→ **WHAT YOU ARE ASKED TO DO**
Give back each entry exactly as written, apart from the pictures.

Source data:
::::::::

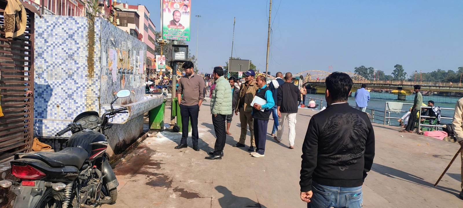 नगर आयुक्त नंदन कुमार (IAS) ने आज नाई घाट, सुभाष घाट, हर की पैड़ी चौक, संजय पुल एवं धनुष पुल क्षेत्र का औचक निरीक्षण किया। निरीक्षण के दौरान घाटों की सफाई व्यवस्था, अतिक्रमण नियंत्रण और समग्र व्यवस्थाओं की विस्तारपूर्वक समीक्षा की गई।
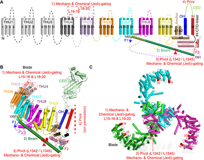 Piezo1通道利用杠杆原理进行化合物(Jedi)或机械门控的作用机制示意图。(A,B)由9个重复性的、以4次跨膜区为基础的跨膜螺旋单元(THU)所组成的38次跨膜区的拓扑结构示意图(A)及结构组成展示图(B)。(C)Piezo1通道的三聚体三叶螺旋桨状结构。参与机械力及Piezo1激动剂(Jedi)感受与传递的关键功能位点1-3组成分子内杠杆传递装置,从而将外周THU所感知的细微机械力或小分子化合物Jedi结合(F1,蓝色虚线箭头)有效传递并放大到用于控制中心孔道区开放的作用力(F2,红色虚线箭头),从而有效控制其通道的开放和选择性阳离子通透(图B,C)。
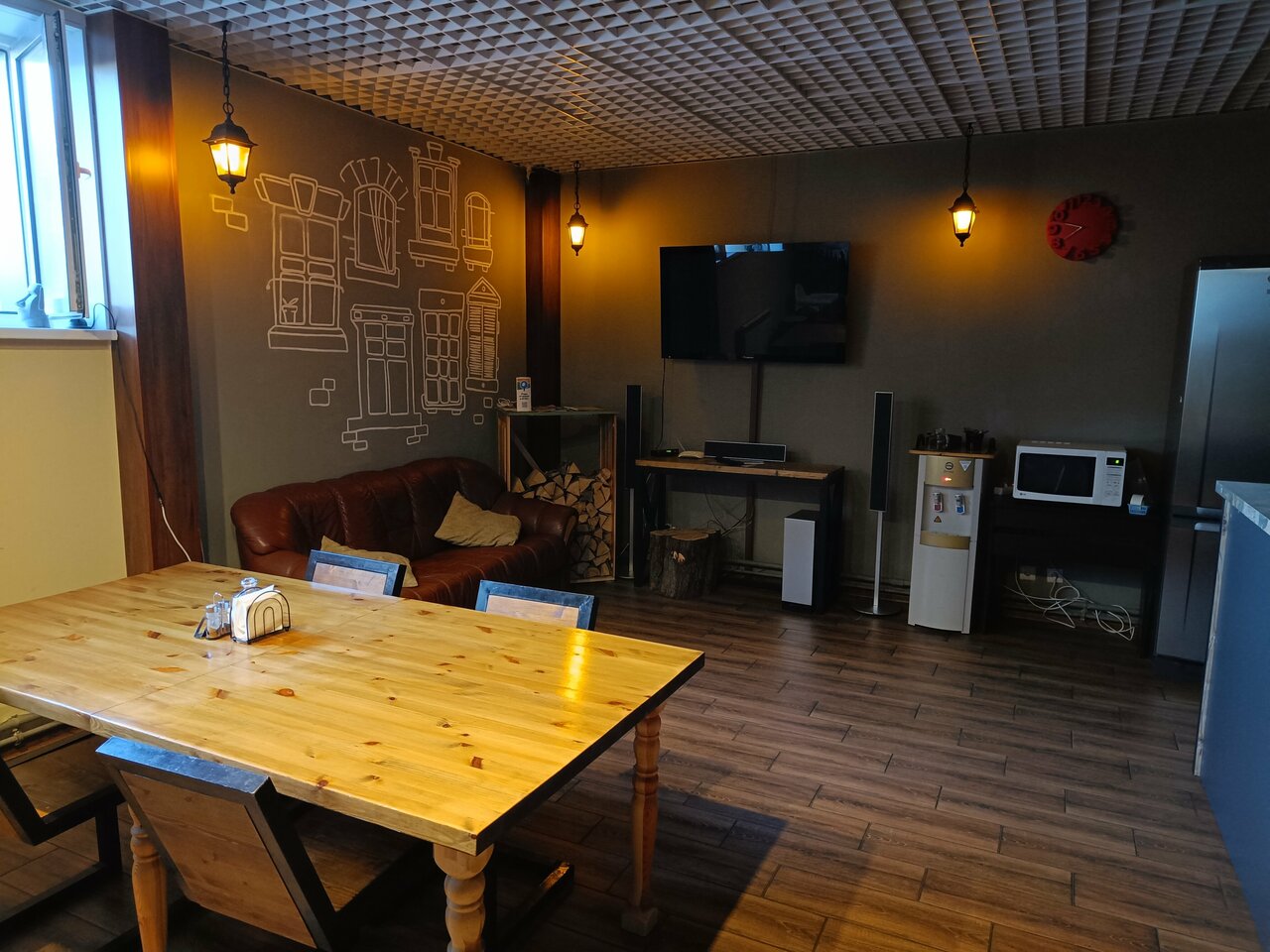 - Наличие общей кухни с необходимой посудой и техникой (холодильник, микроволновка, чайник).
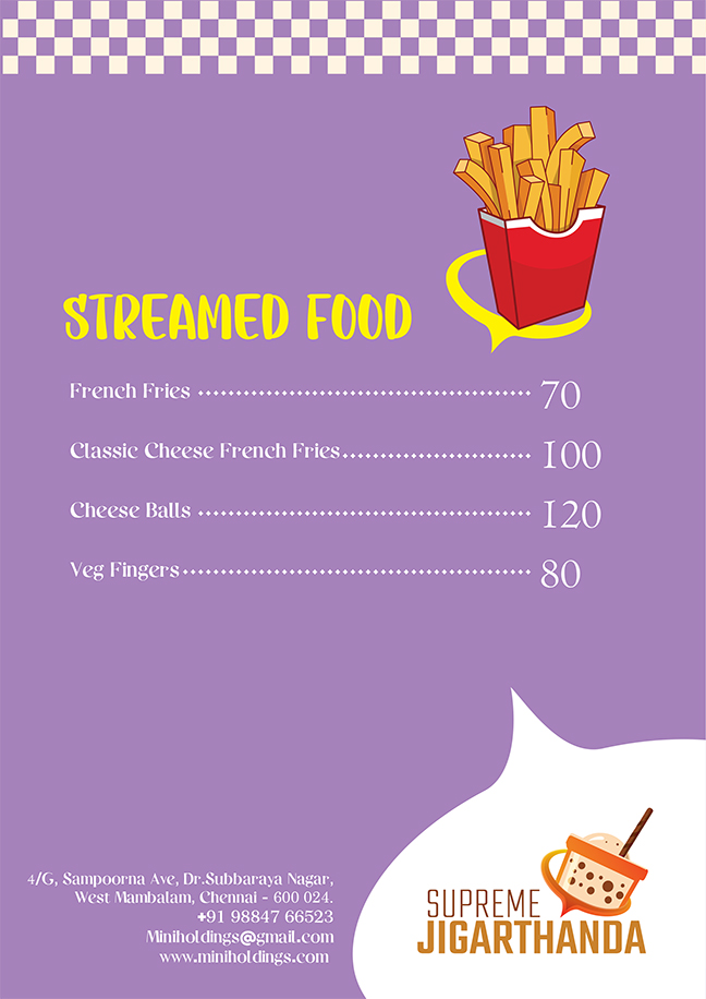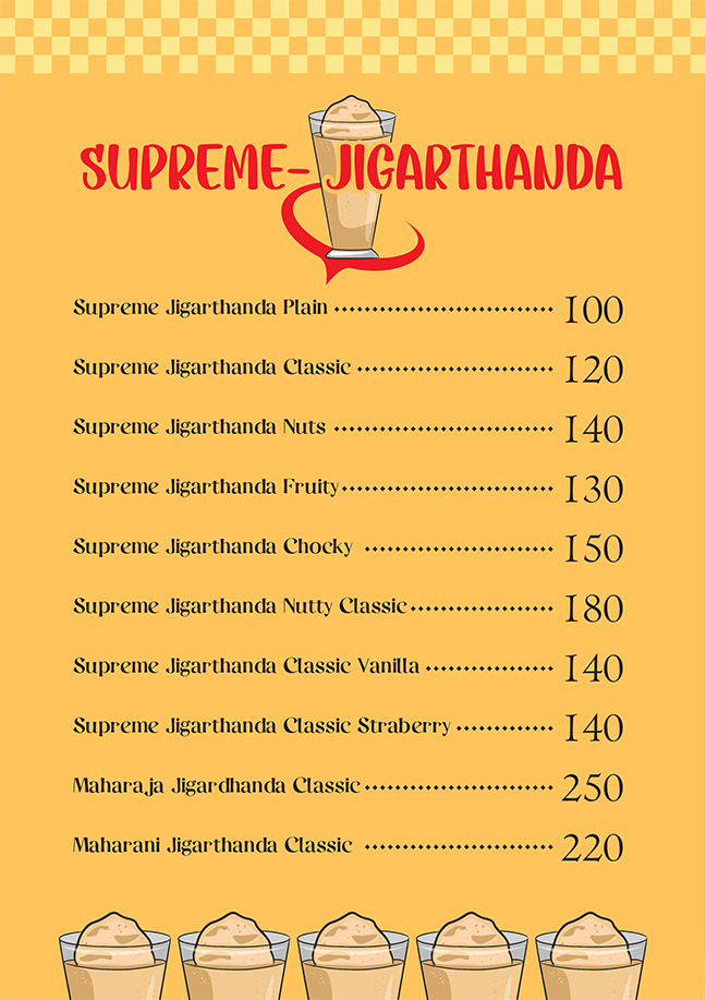 TThere are unstructured Jigarthanda players and few brands and the industry growing at 20 % annually. Supreme Jigarthanda will be an QSR structured food counter which can deliver at high hygiene standards. standards.
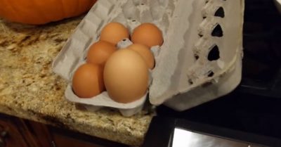 El huevo de gran tamaño que puso la gallina tenía en su interior tres yemas. Aunque no se ve en el video, seguro terminó en un muy buen desayuno para esta familia.
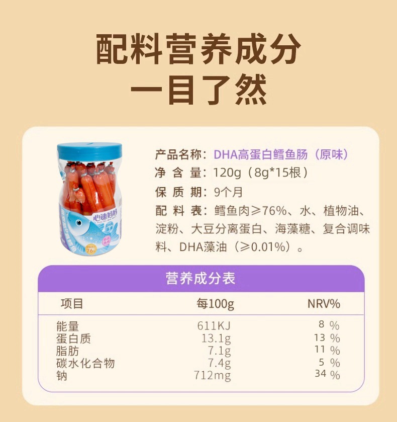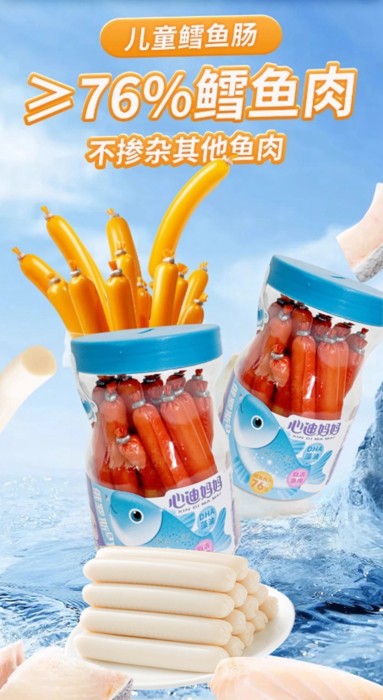 (Новинка 25 августа) Русская колбаса из трески Xindi Mama 120г, детская мясная закуска
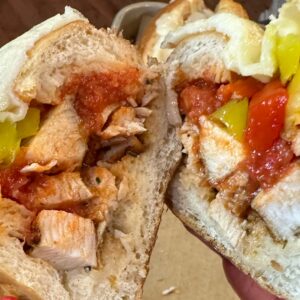 Once hoagies are sliced on top, you will want to stuff full with chicken and top with marinara, cheese and then any toppings you desire.
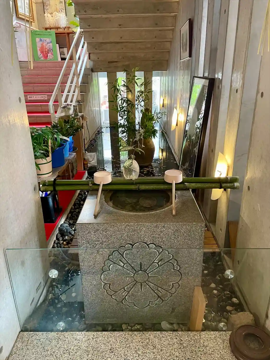 モダンなビルの中に拝殿があります。
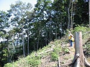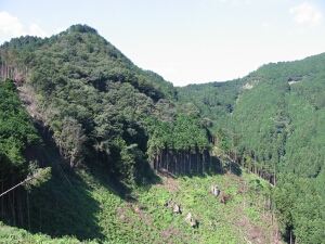 伐採で剥げた山から、さらに山腹を進んでいく。
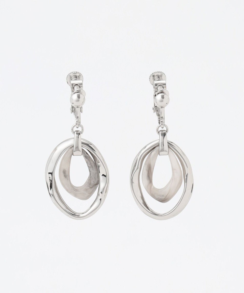 ANY SIS マーブルメタル イヤリング シルバー×アイボリー
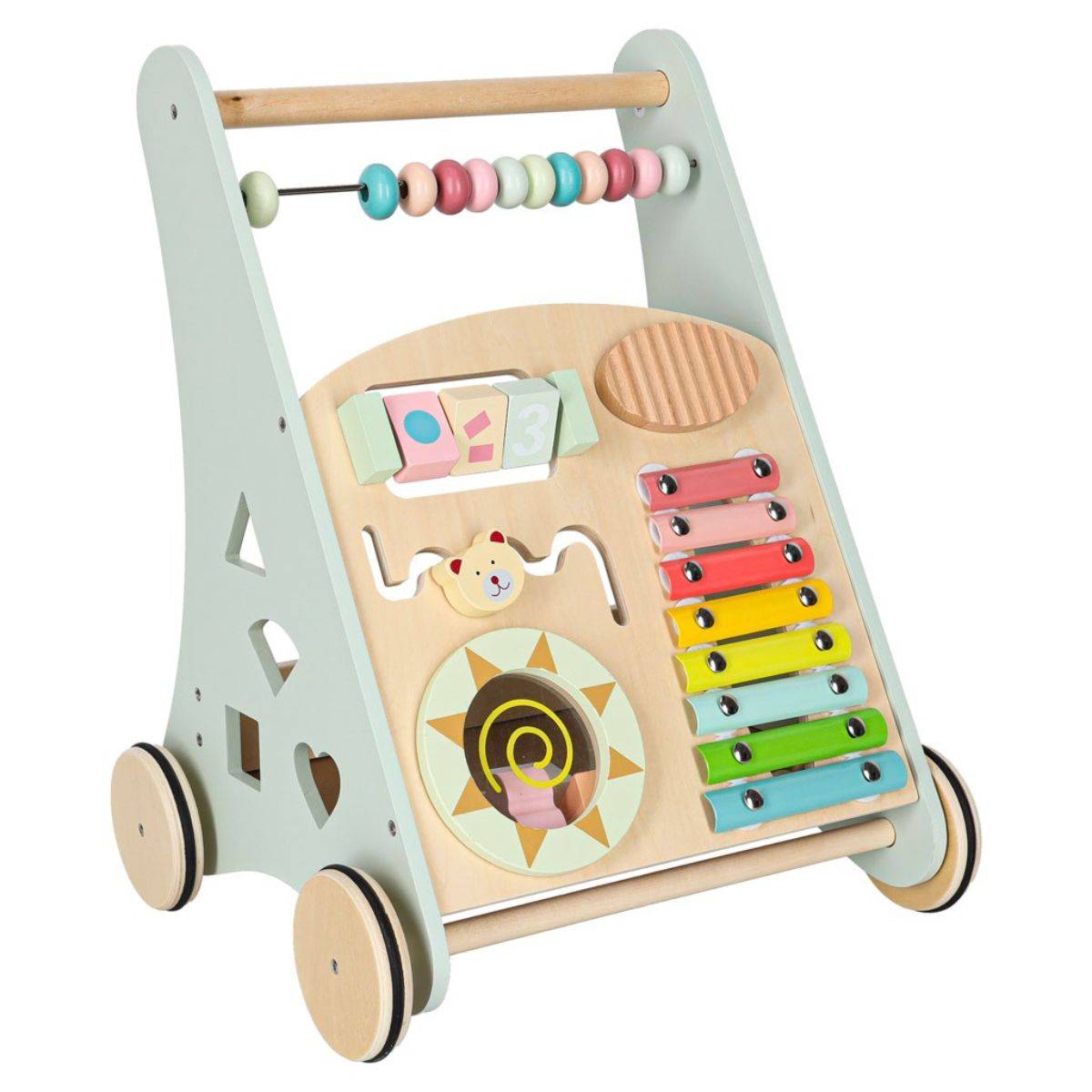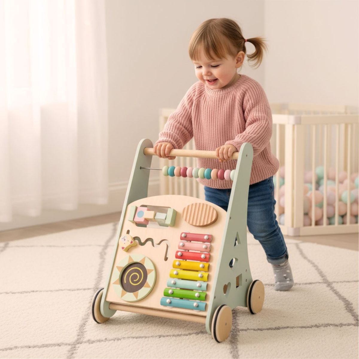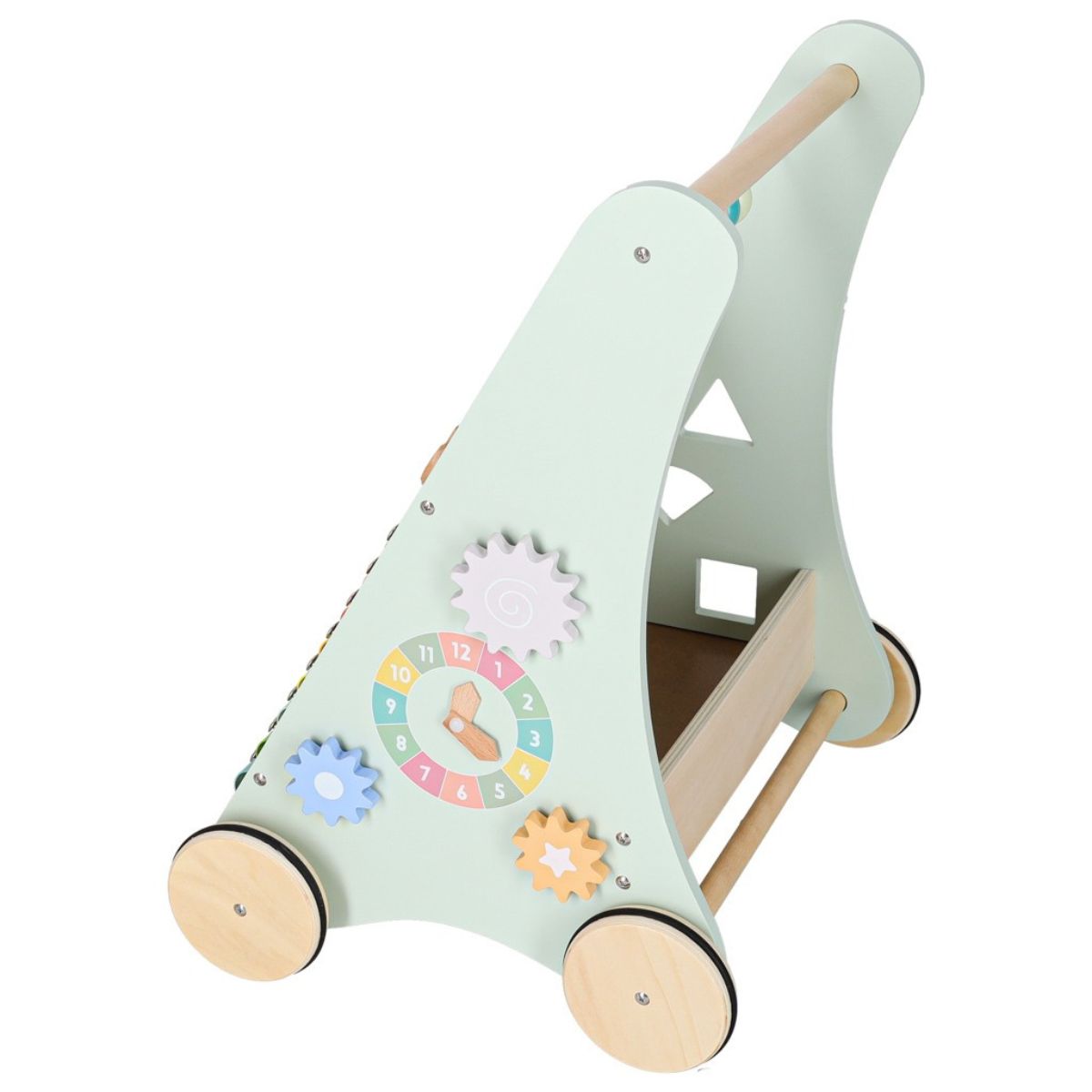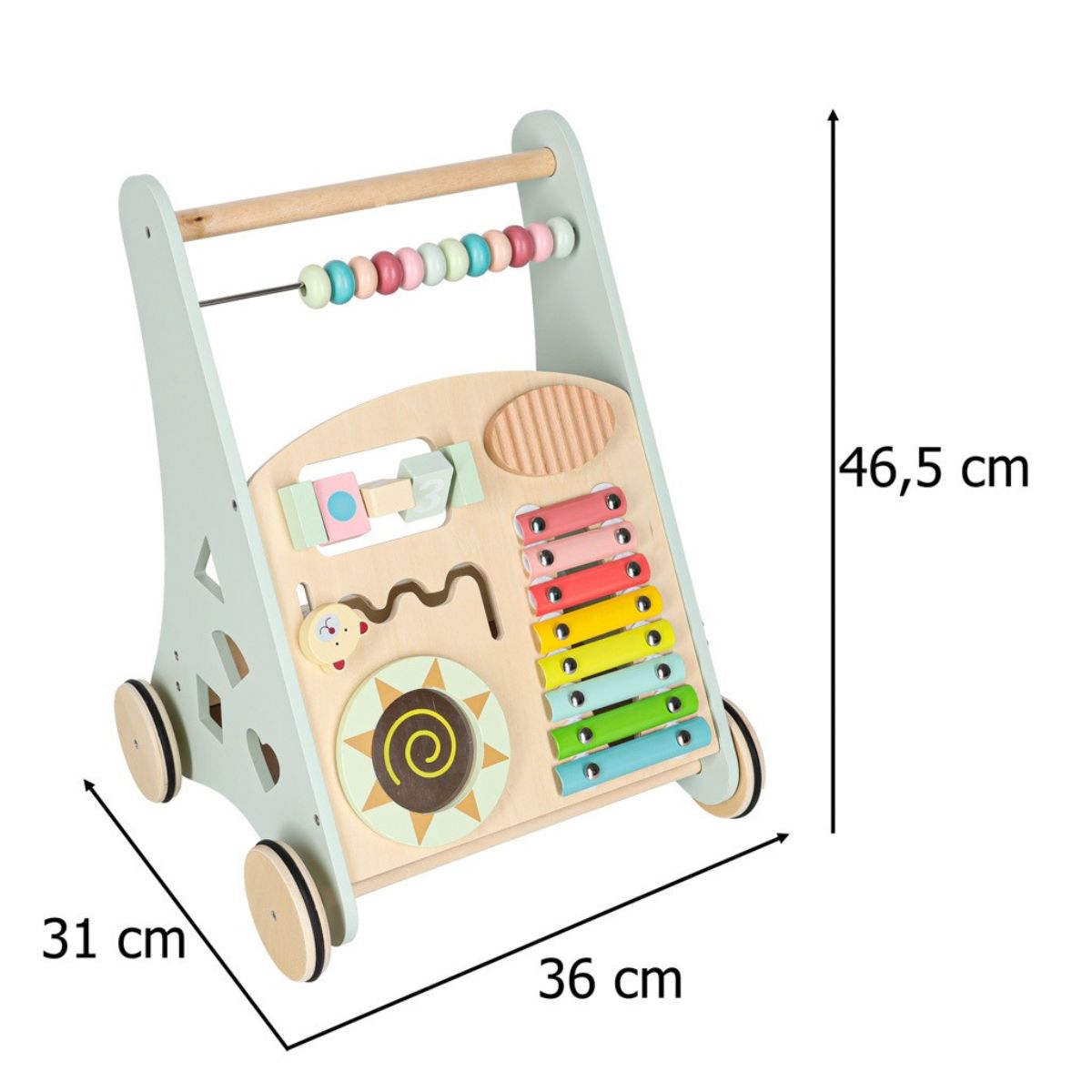 Tvirta medinė konstrukcija suteikia stabilumo, todėl vaikas gali drąsiai stumti stumduką ir žengti pirmuosius žingsnius.
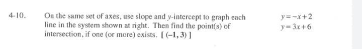 The graphs are shown below. The point of intersection of both the lines is the required solution. As we can see from the graph, the point of intersection is at (-1. 3).
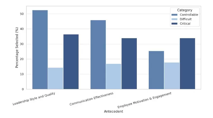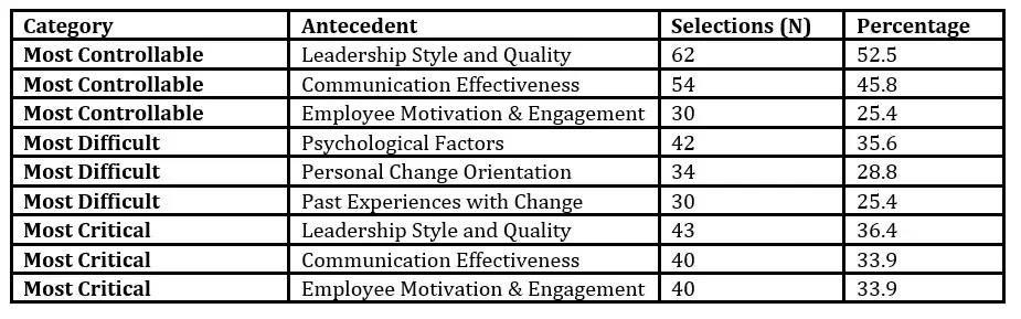 As illustrated in Figure 5, the most frequently selected antecedents across all categories confirm the centrality of leadership, communication, and motivation in shaping organizational readiness perceptions. The figure visually highlights the comparative prioritization of these factors across perceived controllability, difficulty, and criticality.
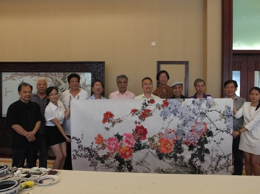 在廣州畫(huà)壇,李筱孫、葉泉、許固令、陳永康、盧德平、招熾挺、黃樹(shù)文、陳永鏘、陳孝能九位畫(huà)家常常在一齊談藝論道,因而被行內人雅尊為“羊城九老”。幾十年來(lái),九位畫(huà)友一直以文會(huì )友,以畫(huà)交心,情誼深厚。此次“羊城九老”應邀光臨廣鋁集團總部,葉鵬智董事長(cháng)盛情接待了他們,并就集團的發(fā)展歷史、經(jīng)營(yíng)戰略、企業(yè)文化向他們做了介紹;葉董事長(cháng)還與他們一起用餐、座談。隨后“羊城九老”便在展廳里談笑風(fēng)生、吟詩(shī)作對并聯(lián)手作畫(huà)贈予公司留作紀念。其畫(huà)雖由九人聯(lián)手所作,卻猶如出自一人之手,渾然天成,氣勢不凡,可見(jiàn)他們的畫(huà)藝是何等精湛、情誼是何等深厚!九位畫(huà)壇耆英年紀雖已過(guò)半百,但他們依舊笑笑鬧鬧,直言不諱,童心未泯,表現出藝術(shù)家對待人生的樂(lè )觀(guān)曠達。
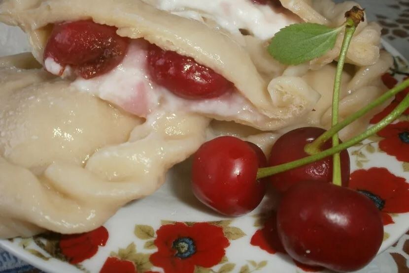 Замесить крутое тесто, взяв 2 яйца, 1/4 стакана воды и 1,5 стакана муки. Раскатать очень тонко деревянной скалкой и нарезать квадратиками. Из 400 г вишен вынуть косточки, начинить этими ягодами вареники, сварить. Подавая на стол, облить вишнёвым соком, который вскипятить с ложкой сахара, мёда или патоки и стаканом воды, положить туда 2 - 3 истолчённые вишнёвые косточки. Так же можно приготовить вареники с черникой и голубикой. (из журнала "Крестьянка") 1955 год Поддержать пенсионера: //www.donationalerts.com/r/domovoy96 Подписаться https://zen.yandex.ru/domovoy96 ВКонтакте https://vk.com/ekspravka Одноклассники https://ok.ru/domotadoya Телеграм канал https://t.me/coolotadoya

::::::::

→ **ANSWER TO THE PROBLEM**
 नगर आयुक्त नंदन कुमार (IAS) ने आज नाई घाट, सुभाष घाट, हर की पैड़ी चौक, संजय पुल एवं धनुष पुल क्षेत्र का औचक निरीक्षण किया। निरीक्षण के दौरान घाटों की सफाई व्यवस्था, अतिक्रमण नियंत्रण और समग्र व्यवस्थाओं की विस्तारपूर्वक समीक्षा की गई।
 Piezo1通道利用杠杆原理进行化合物(Jedi)或机械门控的作用机制示意图。(A,B)由9个重复性的、以4次跨膜区为基础的跨膜螺旋单元(THU)所组成的38次跨膜区的拓扑结构示意图(A)及结构组成展示图(B)。(C)Piezo1通道的三聚体三叶螺旋桨状结构。参与机械力及Piezo1激动剂(Jedi)感受与传递的关键功能位点1-3组成分子内杠杆传递装置,从而将外周THU所感知的细微机械力或小分子化合物Jedi结合(F1,蓝色虚线箭头)有效传递并放大到用于控制中心孔道区开放的作用力(F2,红色虚线箭头),从而有效控制其通道的开放和选择性阳离子通透(图B,C)。
 - Наличие общей кухни с необходимой посудой и техникой (холодильник, микроволновка, чайник).
 TThere are unstructured Jigarthanda players and few brands and the industry growing at 20 % annually. Supreme Jigarthanda will be an QSR structured food counter which can deliver at high hygiene standards. standards.
 El huevo de gran tamaño que puso la gallina tenía en su interior tres yemas. Aunque no se ve en el video, seguro terminó en un muy buen desayuno para esta familia.
 (Новинка 25 августа) Русская колбаса из трески Xindi Mama 120г, детская мясная закуска
 Once hoagies are sliced on top, you will want to stuff full with chicken and top with marinara, cheese and then any toppings you desire.
 モダンなビルの中に拝殿があります。
 伐採で剥げた山から、さらに山腹を進んでいく。
 ANY SIS マーブルメタル イヤリング シルバー×アイボリー
 Tvirta medinė konstrukcija suteikia stabilumo, todėl vaikas gali drąsiai stumti stumduką ir žengti pirmuosius žingsnius.
 The graphs are shown below. The point of intersection of both the lines is the required solution. As we can see from the graph, the point of intersection is at (-1. 3).
 As illustrated in Figure 5, the most frequently selected antecedents across all categories confirm the centrality of leadership, communication, and motivation in shaping organizational readiness perceptions. The figure visually highlights the comparative prioritization of these factors across perceived controllability, difficulty, and criticality.
 在廣州畫(huà)壇,李筱孫、葉泉、許固令、陳永康、盧德平、招熾挺、黃樹(shù)文、陳永鏘、陳孝能九位畫(huà)家常常在一齊談藝論道,因而被行內人雅尊為“羊城九老”。幾十年來(lái),九位畫(huà)友一直以文會(huì )友,以畫(huà)交心,情誼深厚。此次“羊城九老”應邀光臨廣鋁集團總部,葉鵬智董事長(cháng)盛情接待了他們,并就集團的發(fā)展歷史、經(jīng)營(yíng)戰略、企業(yè)文化向他們做了介紹;葉董事長(cháng)還與他們一起用餐、座談。隨后“羊城九老”便在展廳里談笑風(fēng)生、吟詩(shī)作對并聯(lián)手作畫(huà)贈予公司留作紀念。其畫(huà)雖由九人聯(lián)手所作,卻猶如出自一人之手,渾然天成,氣勢不凡,可見(jiàn)他們的畫(huà)藝是何等精湛、情誼是何等深厚!九位畫(huà)壇耆英年紀雖已過(guò)半百,但他們依舊笑笑鬧鬧,直言不諱,童心未泯,表現出藝術(shù)家對待人生的樂(lè )觀(guān)曠達。
 Замесить крутое тесто, взяв 2 яйца, 1/4 стакана воды и 1,5 стакана муки. Раскатать очень тонко деревянной скалкой и нарезать квадратиками. Из 400 г вишен вынуть косточки, начинить этими ягодами вареники, сварить. Подавая на стол, облить вишнёвым соком, который вскипятить с ложкой сахара, мёда или патоки и стаканом воды, положить туда 2 - 3 истолчённые вишнёвые косточки. Так же можно приготовить вареники с черникой и голубикой. (из журнала "Крестьянка") 1955 год Поддержать пенсионера: //www.donationalerts.com/r/domovoy96 Подписаться https://zen.yandex.ru/domovoy96 ВКонтакте https://vk.com/ekspravka Одноклассники https://ok.ru/domotadoya Телеграм канал https://t.me/coolotadoya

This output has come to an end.